### WHAT YOU HAVE TO DO
The output should match, line for line, the records from the line containing "Coche eléctrico infantil" through the line containing "Grâce aux nombreuses", with every picture left out.

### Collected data
__________

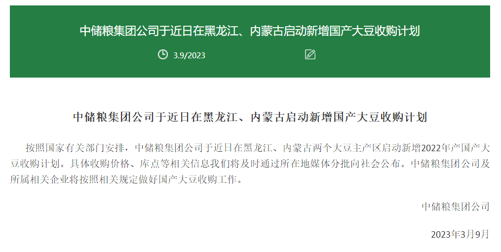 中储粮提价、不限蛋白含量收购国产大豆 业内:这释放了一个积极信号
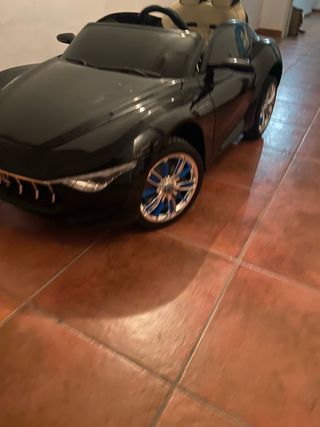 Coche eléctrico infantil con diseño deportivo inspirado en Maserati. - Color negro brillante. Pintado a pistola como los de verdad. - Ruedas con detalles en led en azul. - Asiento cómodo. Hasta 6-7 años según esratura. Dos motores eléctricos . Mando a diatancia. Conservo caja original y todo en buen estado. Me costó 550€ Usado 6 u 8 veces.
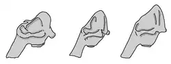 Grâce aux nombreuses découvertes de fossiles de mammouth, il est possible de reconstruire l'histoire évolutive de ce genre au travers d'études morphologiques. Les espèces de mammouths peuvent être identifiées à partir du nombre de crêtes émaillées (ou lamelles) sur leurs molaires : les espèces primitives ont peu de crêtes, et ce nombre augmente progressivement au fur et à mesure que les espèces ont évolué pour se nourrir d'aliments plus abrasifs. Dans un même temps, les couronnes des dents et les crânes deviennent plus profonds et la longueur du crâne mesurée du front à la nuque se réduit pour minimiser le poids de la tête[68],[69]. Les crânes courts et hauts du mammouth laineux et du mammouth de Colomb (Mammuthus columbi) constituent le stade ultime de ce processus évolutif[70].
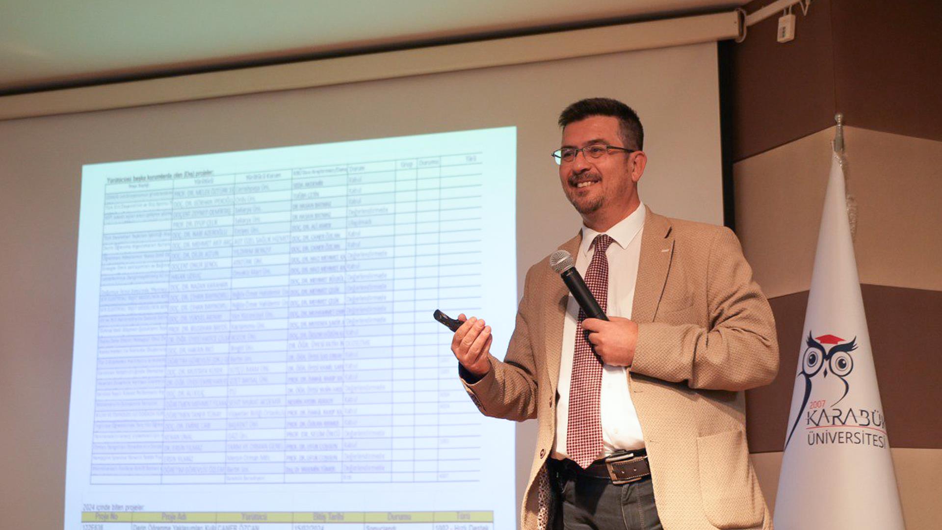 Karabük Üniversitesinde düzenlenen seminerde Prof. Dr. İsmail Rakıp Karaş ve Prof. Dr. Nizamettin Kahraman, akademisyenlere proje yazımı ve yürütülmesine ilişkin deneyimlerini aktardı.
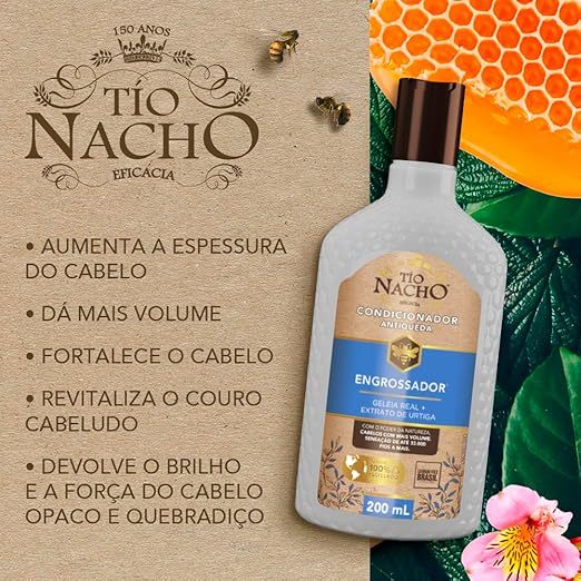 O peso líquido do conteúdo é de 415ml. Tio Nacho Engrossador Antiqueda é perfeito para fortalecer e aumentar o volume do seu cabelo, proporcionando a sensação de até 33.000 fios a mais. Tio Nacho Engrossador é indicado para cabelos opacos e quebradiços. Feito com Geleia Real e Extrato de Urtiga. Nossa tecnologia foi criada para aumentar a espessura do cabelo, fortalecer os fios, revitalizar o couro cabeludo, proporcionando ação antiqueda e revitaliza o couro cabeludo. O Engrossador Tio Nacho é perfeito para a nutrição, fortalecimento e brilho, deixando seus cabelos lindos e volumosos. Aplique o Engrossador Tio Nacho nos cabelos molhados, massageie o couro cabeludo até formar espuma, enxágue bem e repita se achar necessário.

__________

### COMPLETED TASK
 Coche eléctrico infantil con diseño deportivo inspirado en Maserati. - Color negro brillante. Pintado a pistola como los de verdad. - Ruedas con detalles en led en azul. - Asiento cómodo. Hasta 6-7 años según esratura. Dos motores eléctricos . Mando a diatancia. Conservo caja original y todo en buen estado. Me costó 550€ Usado 6 u 8 veces.
 Grâce aux nombreuses découvertes de fossiles de mammouth, il est possible de reconstruire l'histoire évolutive de ce genre au travers d'études morphologiques. Les espèces de mammouths peuvent être identifiées à partir du nombre de crêtes émaillées (ou lamelles) sur leurs molaires : les espèces primitives ont peu de crêtes, et ce nombre augmente progressivement au fur et à mesure que les espèces ont évolué pour se nourrir d'aliments plus abrasifs. Dans un même temps, les couronnes des dents et les crânes deviennent plus profonds et la longueur du crâne mesurée du front à la nuque se réduit pour minimiser le poids de la tête[68],[69]. Les crânes courts et hauts du mammouth laineux et du mammouth de Colomb (Mammuthus columbi) constituent le stade ultime de ce processus évolutif[70].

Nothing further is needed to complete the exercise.